--- Data excerpt Enclosed Below ---
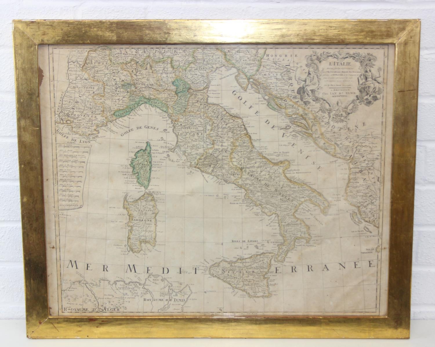 Jan Barend Elwe, L`Italie Dressee sur les Observations de Mrs. de l`Academie Royale des Sciences, an antique hand coloured map depicting Italy and other parts of the Mediterranean, dated 1792 in plate, in gilt frame, 66cm x 54cm
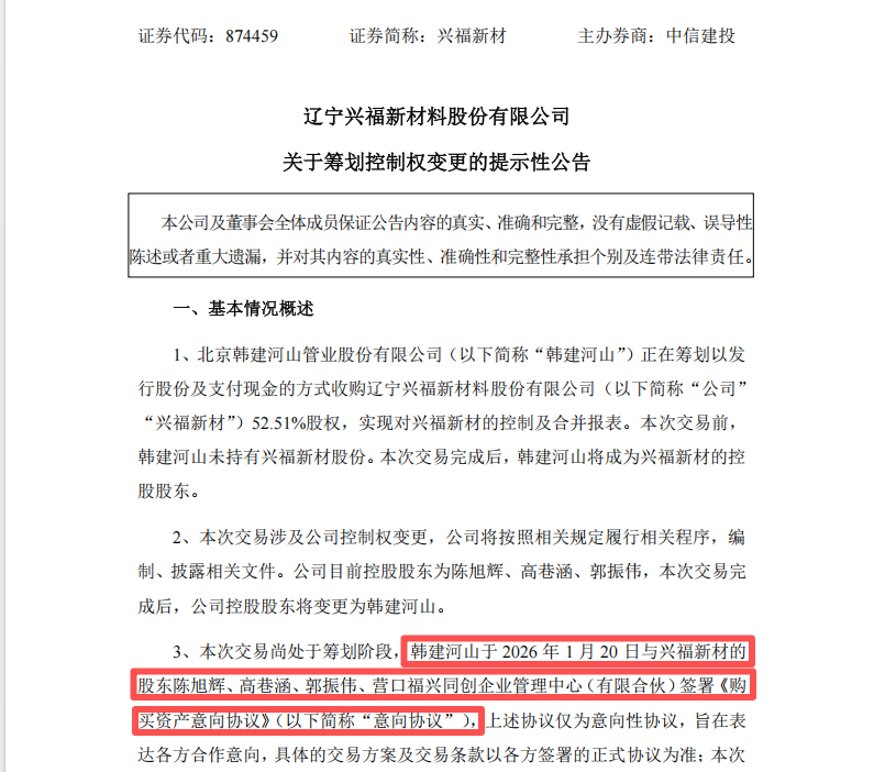 兴福新材、韩建疆土均公告称,1月20日,韩建疆土与本次来回的主要来回对方陈旭辉、高巷涵、郭振伟,以及营口福兴同创企业贬责中心(有限合股)(以下简称福兴同创)签署《购买钞票意向公约》。
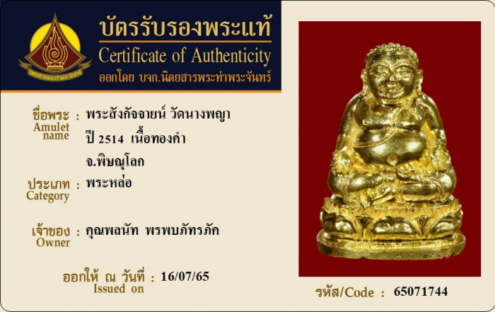 ค้นหาใบการันตีพระแท้
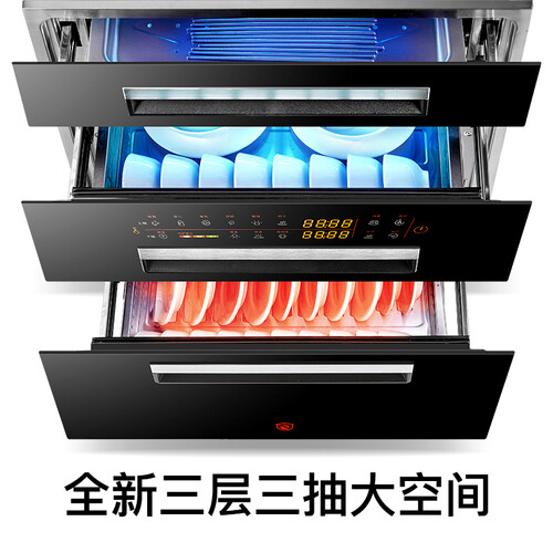 拥有大容量空间,一次可放入更多餐具,无需反复放入消毒。选用加厚发泡层,牢牢锁住热量,保持出色的高温消毒功能。
--- End of Enclosed Data excerpt ---
▶ **What the task requires**:
Output the listing above in full and exactly, with pictures excluded.

▶ **Answer to this task**:
 Jan Barend Elwe, L`Italie Dressee sur les Observations de Mrs. de l`Academie Royale des Sciences, an antique hand coloured map depicting Italy and other parts of the Mediterranean, dated 1792 in plate, in gilt frame, 66cm x 54cm
 兴福新材、韩建疆土均公告称,1月20日,韩建疆土与本次来回的主要来回对方陈旭辉、高巷涵、郭振伟,以及营口福兴同创企业贬责中心(有限合股)(以下简称福兴同创)签署《购买钞票意向公约》。
 ค้นหาใบการันตีพระแท้
 拥有大容量空间,一次可放入更多餐具,无需反复放入消毒。选用加厚发泡层,牢牢锁住热量,保持出色的高温消毒功能。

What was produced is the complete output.